Ковригина Мария Дмитриевна
ВОЙНА


Воскресенье 22 июня 1941 года мы, несколько молодых женщин, решили провести за городом, побродить по лесу, позагорать. День выдался на редкость жаркий, и прогулка удалась. Домой возвращались часов в пять. Идем разомлевшие, довольные отдыхом, лениво перекидывается шутками. Вдруг напротив облздравотдела встречаем мужа одной из нас. Вид у него суровый, взволнованный. Он говорит:

- Война началась! Молотов по радио выступал!

Как рукой сняло наше веселье. Я побежала в обком партии, все работники аппарата были уже на своих местах. Забежала к своему непосредственному начальнику.

- Прошу отпустить меня.

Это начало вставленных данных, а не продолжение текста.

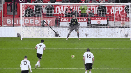 第83分鐘,希門尼斯突入禁區的射門被拉門斯撲出,但馬奎爾鏟倒了希門尼斯,裁判判罰點球。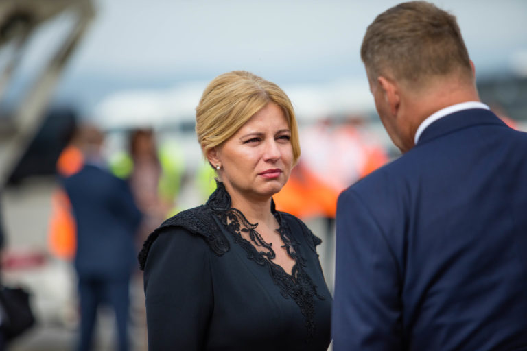 Zľava: Prezidentka SR Zuzana Čaputová a predseda parlamentu Boris Kollár na bratislavskom letisku pred odletom Svätého Otca zo Slovenska. Bratislava, 15. september 2021. Foto: SITA/Jana Birošová
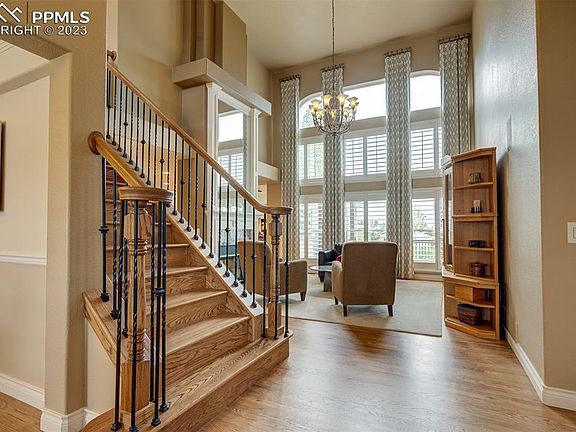 Gorgeous home in a great location, on almost 1/2 an acre with awesome Mountain and Peak views! Completely updated popular Classic Homes Dynasty floorplan. Dramatic entry with hardwood floors. Main-level master bedroom with double-sided gas fireplace and a remodeled 5-piece master bath. The kitchen was remodeled in 2021 with quartz countertops, maple cabinets, soft-close drawers, double ovens, an induction cooktop, a microwave drawer and has hardwood floors. Vaulted great room with marble surrounding another double-sided gas fireplace, hardwood floors and a beautiful chandelier. Separate dining room with hardwood floors, plus a kitchen eating space. Or use the dining room as an office off the main hall. Remodeled laundry room with sink, tile back splash and new custom cabinetry. Rounding out the main level is an extended huge family room with hardwood floors. Upstairs Features a loft/office with hardwood floors, two bedrooms and a remodeled full bath. The full basement features a huge rec room, two bedrooms, ¾ bath and a large storage room. Extensive new hardwood flooring. All new interior doors and trim. Neutral paint colors throughout, plantation shutters, custom drapery. Many high end Andersen windows. New carpet 2020. The large deck, refinished in 2023, offers massive Peak views. The yard is professionally landscaped with landscape lighting and three-season plants. NEW CLASS 4 ROOF 2022. Exterior painted in 2022. Quick access to I-25 (2 miles), grocery, and other shopping. A few more miles to lots of entertainment and more restaurants. Whole house energy audit done and this home is on par with new homes energy efficiency. Easy commute to Castle Rock/Denver. Award-winning Academy School District 20. Only two owners. Pride of ownership!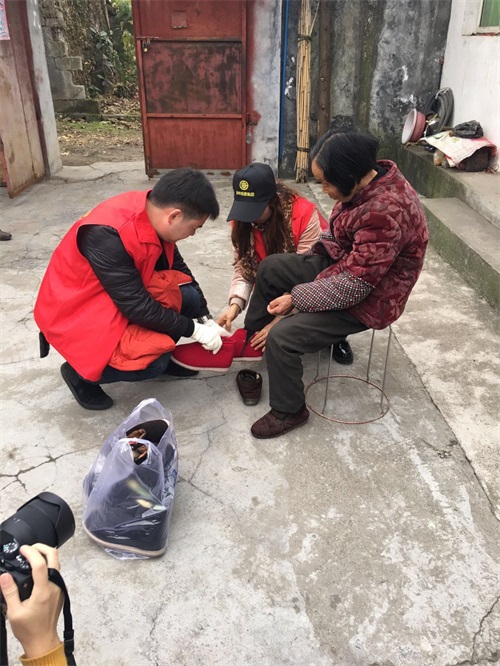 上午9時(shí)許,參加活動的志愿者身著統(tǒng)一標(biāo)志馬甲,帶上棉被、棉帽、棉鞋等愛心物資來到漢旺白果村、新開村。團(tuán)員志愿者們分成兩個(gè)小組分別對6戶貧困戶和6戶五保戶進(jìn)行上門慰問。在新開村貧困老人潘孝秀家里,老人因病不起,躺在涼椅上,房間光線昏暗,空氣中彌漫著一股酸臭味,志愿者為老人送去尿不濕、棉被等物品,幫老人將居住環(huán)境進(jìn)行了清掃,老人緊緊握住團(tuán)員的手連聲道謝,感謝黨和社會的關(guān)懷。志愿者們每到一戶困難家庭,都向他們噓寒問暖,送去慰問品。對居住環(huán)境臟、亂、差的,團(tuán)員們會自覺的幫助打掃衛(wèi)生、整理物品、了解他們的健康狀況及生活中的困難,并叮囑貧困戶、五保戶們有問題隨時(shí)聯(lián)系,公司團(tuán)委將給予盡可能的幫助。

Я врач, и мое место на фронте.

С той же просьбой обратилась к первому секретарю обкома.

Секретарь обкома Г.Д. Сапрыкин, среднего роста, коренастый, плотный, с полуседой шевелюрой, угрюмого вида человек, выслушал меня и коротко ответил:

- Когда надо будет, тогда и пошлем, а пока работайте.

Спустя две недели он вызвал меня:

- Завтра вы пойдете на работу не в обком, а в облисполком.

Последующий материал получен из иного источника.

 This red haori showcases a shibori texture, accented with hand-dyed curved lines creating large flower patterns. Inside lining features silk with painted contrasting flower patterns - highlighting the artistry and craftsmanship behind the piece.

Оказывается, уже состоялось решение бюро обкома о направлении меня на работу в областной Совет депутатов трудящихся заместителем председателя по вопросам здравоохранения, народного образования, социального обеспечения и культуры.

Решением бюро обкома на меня возлагалась также персональная ответственность за прием и устройство населения, эвакуированного из занятых врагом и прифронтовых районов.

Назначение было для меня неожиданным. Очевидно, ни у кого не было времени на предварительные переговоры со мной, никто не спросил: смогу ли я справиться с таким большим и ответственным делом, хватит ли у меня сил, знаний и опыта?!

- Это очень важное дело, за него вы в ответе перед партией, перед народом, - сказал мне на прощание секретарь обкома.

3 июля 1941 года я шла на новую работу, в облисполком. У репродукторов стояли толпы народа, ловя каждое слово И.В. Сталина:

«Товарищи! Граждане! Братья и сестры! Бойцы нашей армии и флота! К вам обращаюсь я, друзья мои! Вероломное военное нападение гитлеровской Германии на нашу Родину, начатое 22 июня, - продолжается. Несмотря на героическое сопротивление Красной Армии, несмотря на то что лучшие дивизии врага и лучшие части его авиации уже разбиты и нашли себе могилу на полях сражения, враг продолжает лезть вперед, бросая на фронт новые силы… Над нашей Родиной нависла серьезная опасность… Враг жесток и неумолим. Он ставит своей целью захват наших земель, политых нашим потом, захват нашего хлеба и нашей нефти, добытых нашим трудом… Дело идет, таким образом, о жизни и смерти Советского государства, о жизни и смерти народов СССР, о том – быть народам Советского Союза свободными, или впасть в порабощение. Нужно, чтобы советские люди поняли это и перестали быть беззаботными, чтобы они мобилизовали себя и перестроили всю свою работу на новый, военный лад, не знающий пощады врагу».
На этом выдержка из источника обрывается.